Pod Affinity and Anti-Affinity
Ensure BookKeeper and Broker pods do not co-locate using anti-affinity rules.

StatefulSet Deployment
Deploy ZooKeeper and BookKeeper as StatefulSets with Persistent Volume Claims for fault tolerance.

Readiness and Liveness Probes
Use Pulsar-provided health endpoints to implement custom probes and ensure rolling upgrades do not affect availability.

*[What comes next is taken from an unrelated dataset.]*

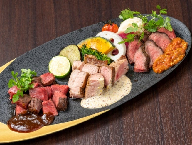 贅沢感のある、和牛イチボ、和牛芯玉カブリ、松阪豚肩ロースの3種を盛り合わせた当店一番人気メニュー。 強火のフライパンで両面をカリッと焼いた後ブランデーでフランベし、一度休ませた後オーブンでじっくりと火入れをします。9種類のソースからお好みの3種をお選びくださいませ。

Advanced Features for Enterprise Use

Multi-Cluster Setup: Use Pulsar’s geo-replication to connect clusters across regions.
Tiered Storage: Offload old segments to S3 or GCS.
Functions and IO Connectors: Use Pulsar Functions to do stream processing without an external processing engine.
Pulsar Proxy: Deploy proxies to act as secure ingress controllers for client traffic.

Conclusion

Apache Pulsar and Kubernetes form a highly scalable and secure combination for building modern, cloud-native streaming platforms. By following these best practices—secure Helm deployments, observability, autoscaling, and resource isolation—you can confidently run Pulsar in production across a variety of use cases.

Whether you’re ingesting billions of IoT events or building a real-time analytics pipeline, Pulsar on Kubernetes is a future-ready choice for resilient and manageable data streaming.